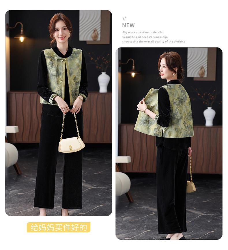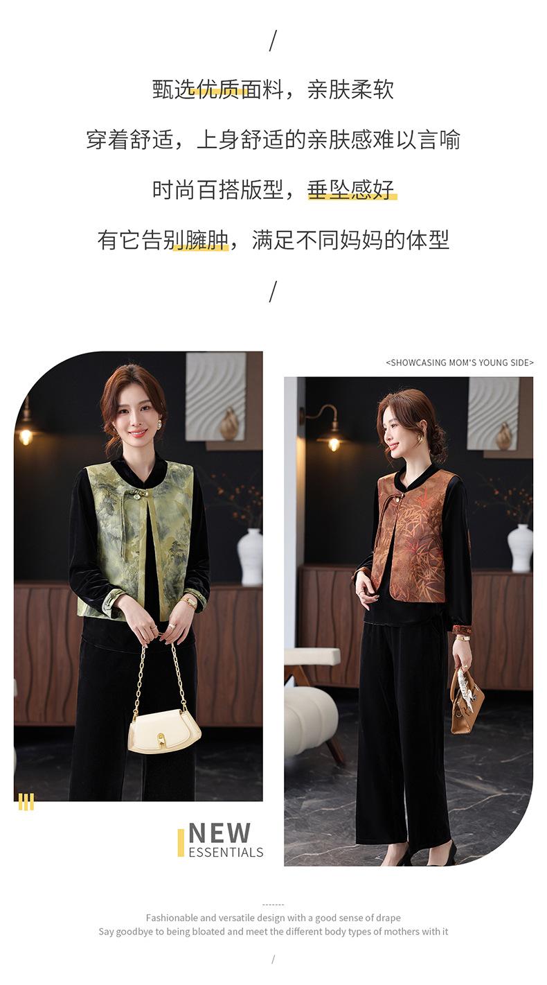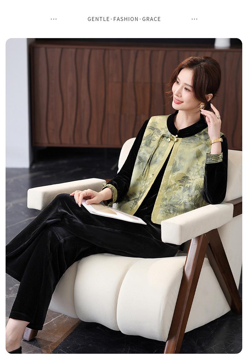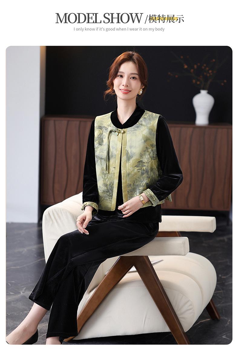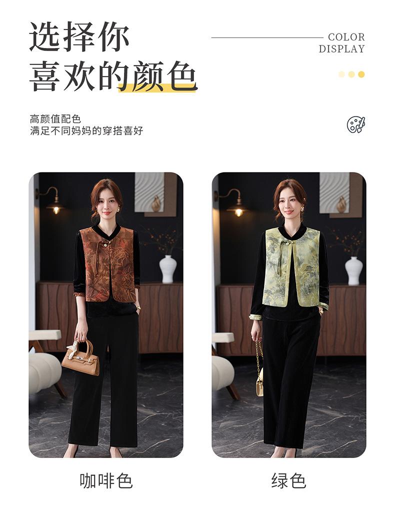 Nuevo chaleco de estilo nacional chino, nuevo traje, vestido de madre 2025, elegante conjunto de tres piezas de estilo occidental para mujeres de mediana edad.
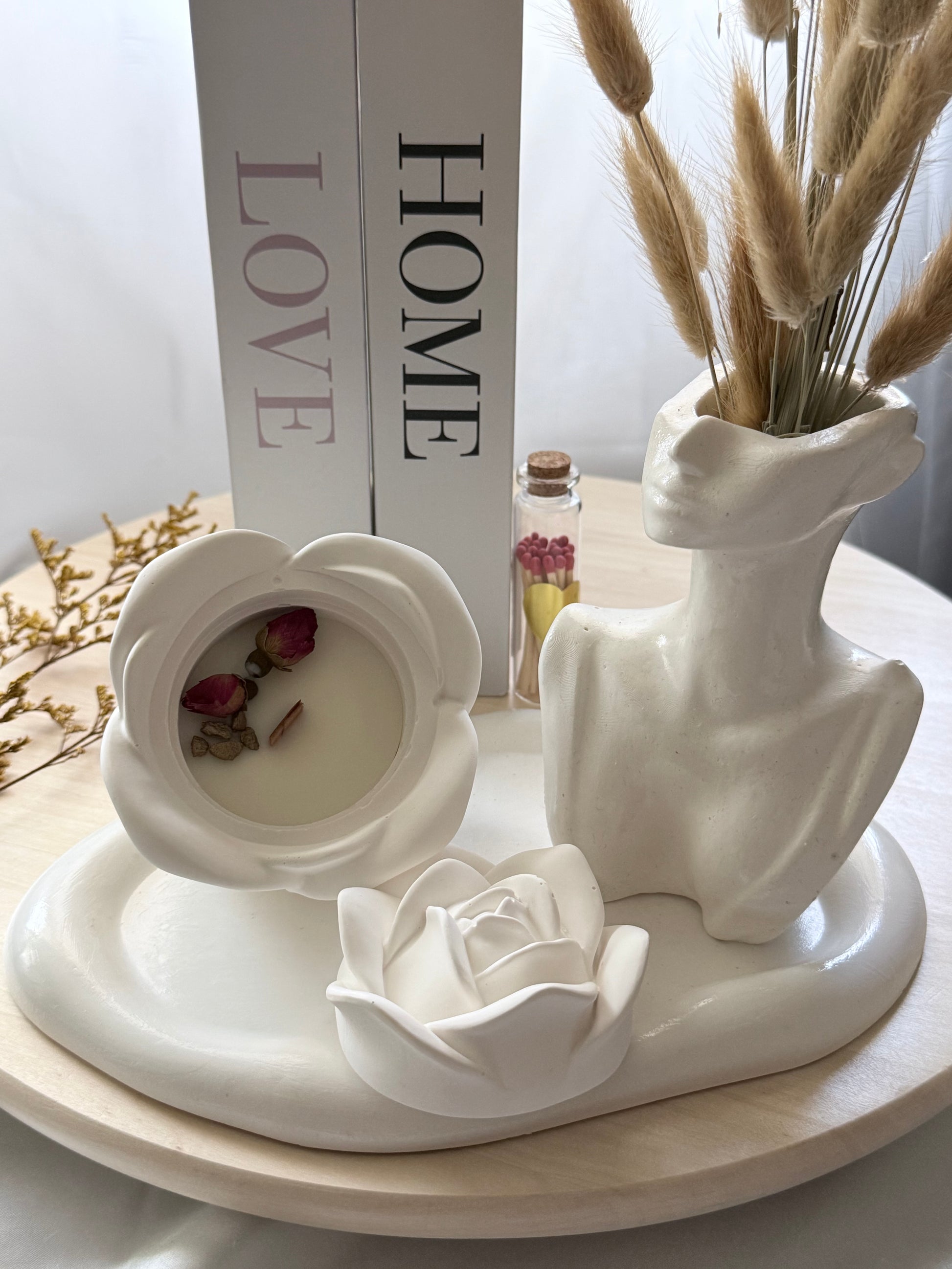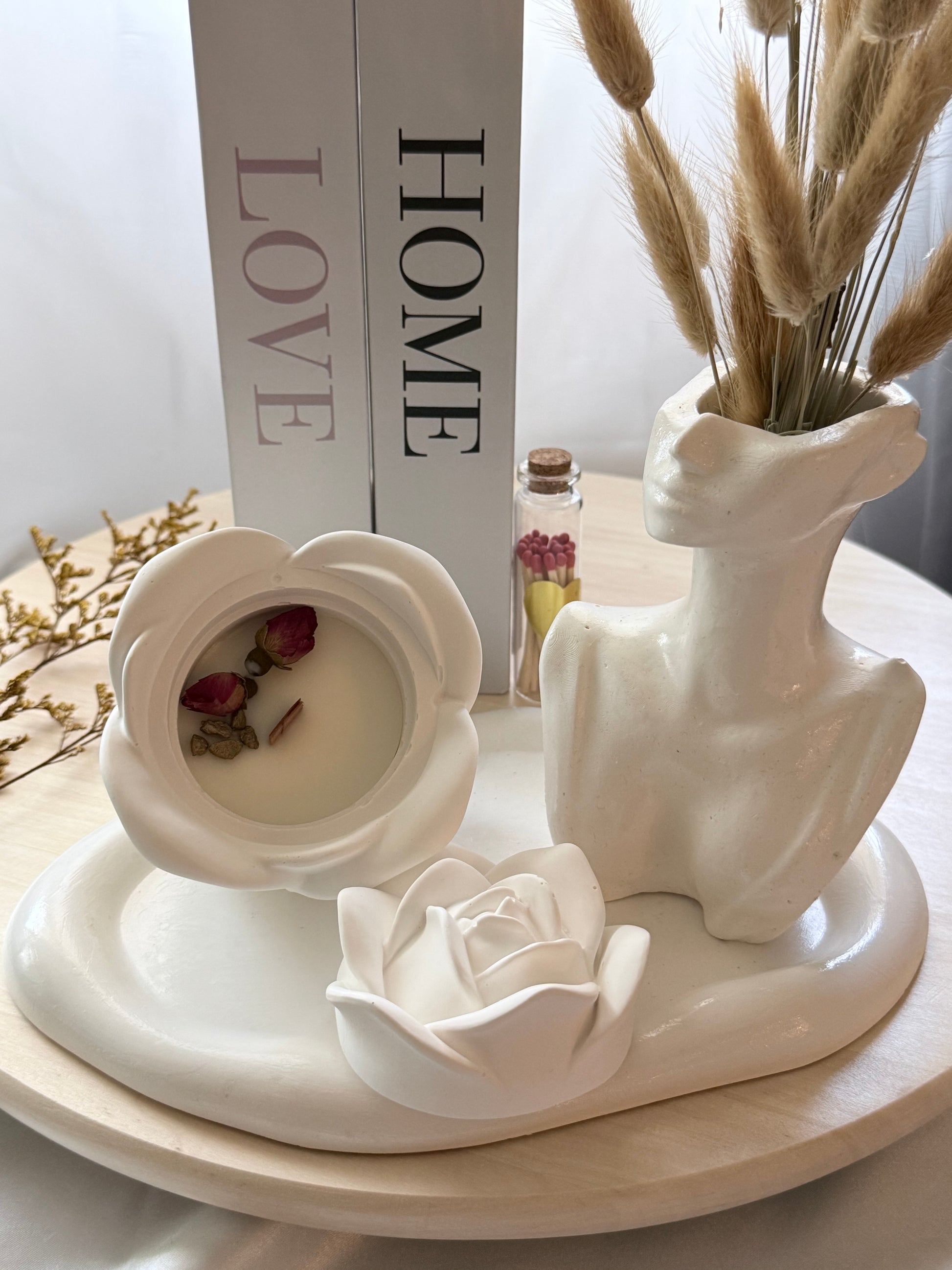 Una pieza elegante y delicada que combina arte y aroma. Esta vela hecha a mano está elaborada con cera natural y resina ecológica, diseñada en una romántica forma de flor que simboliza la belleza y la calma. Su fragancia de rosa fresca evoca serenidad y armonía, llenando cualquier espacio con un toque floral y sofisticado.
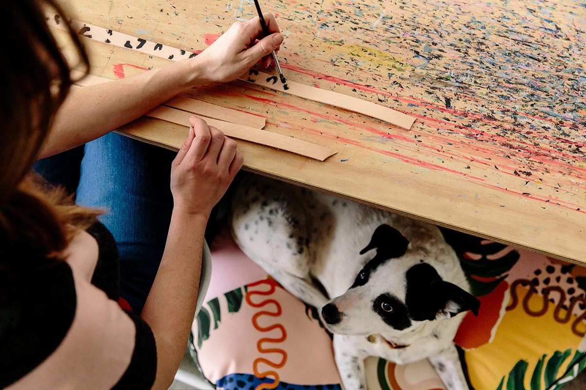 I’m a big podcast listener and it really helps me get into a creative workflow when painting and producing our products. I can listen to anything from creative or business interviews all the way to true crime podcasts. On the weekend, you’ll usually find us walking with Checkers on the many beautiful walking tracks in our area around the Dandenong Ranges. It’s hard not to be inspired by this beautiful place.
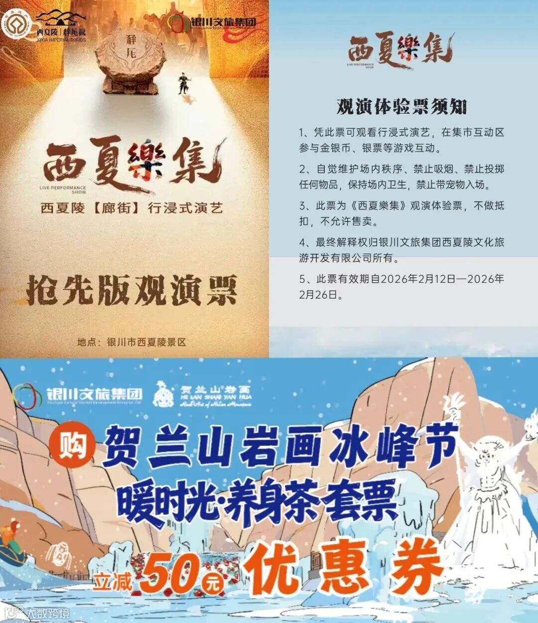 西夏陵西夏樂集體驗券+賀蘭山巖畫冰峰節(jié)優(yōu)惠券
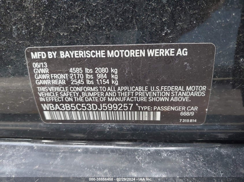 About this 2013 BMW 328I XDRIVEThis 2013 BMW 328I XDRIVE is part of our AUTOMOBILE vehicles. It's VIN code is - WBA3B5C53DJ599257. Join the auto auction to bid on this 2013 BMW 328I XDRIVE. Please note, the following damage may be present on the vehicle: FRONT END and Unknown, which can be viewed more closely by examining the photos included on this page.As of now, the sale date is .Good luck bidding on this 2013 BMW 328I XDRIVE!
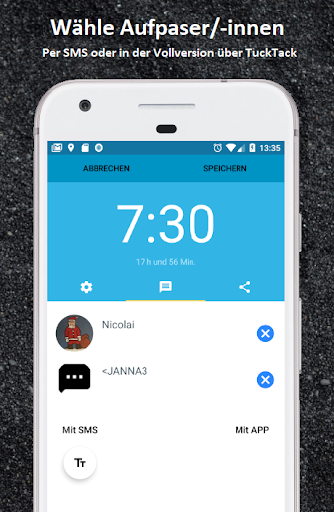 Einmal wird TuckTack zum Sms Wecker. An alle Aufpasser/-innen wird automatisch eine SMS versandt, wenn du den Wecker verschlafen hast.
----------------------------------------
**THE PROBLEM**
What you return must match the records exactly, apart from the images, which are omitted.

**ANSWER BOX**
 Nuevo chaleco de estilo nacional chino, nuevo traje, vestido de madre 2025, elegante conjunto de tres piezas de estilo occidental para mujeres de mediana edad.
 Una pieza elegante y delicada que combina arte y aroma. Esta vela hecha a mano está elaborada con cera natural y resina ecológica, diseñada en una romántica forma de flor que simboliza la belleza y la calma. Su fragancia de rosa fresca evoca serenidad y armonía, llenando cualquier espacio con un toque floral y sofisticado.
 I’m a big podcast listener and it really helps me get into a creative workflow when painting and producing our products. I can listen to anything from creative or business interviews all the way to true crime podcasts. On the weekend, you’ll usually find us walking with Checkers on the many beautiful walking tracks in our area around the Dandenong Ranges. It’s hard not to be inspired by this beautiful place.
 西夏陵西夏樂集體驗券+賀蘭山巖畫冰峰節(jié)優(yōu)惠券
 About this 2013 BMW 328I XDRIVEThis 2013 BMW 328I XDRIVE is part of our AUTOMOBILE vehicles. It's VIN code is - WBA3B5C53DJ599257. Join the auto auction to bid on this 2013 BMW 328I XDRIVE. Please note, the following damage may be present on the vehicle: FRONT END and Unknown, which can be viewed more closely by examining the photos included on this page.As of now, the sale date is .Good luck bidding on this 2013 BMW 328I XDRIVE!
 Einmal wird TuckTack zum Sms Wecker. An alle Aufpasser/-innen wird automatisch eine SMS versandt, wenn du den Wecker verschlafen hast.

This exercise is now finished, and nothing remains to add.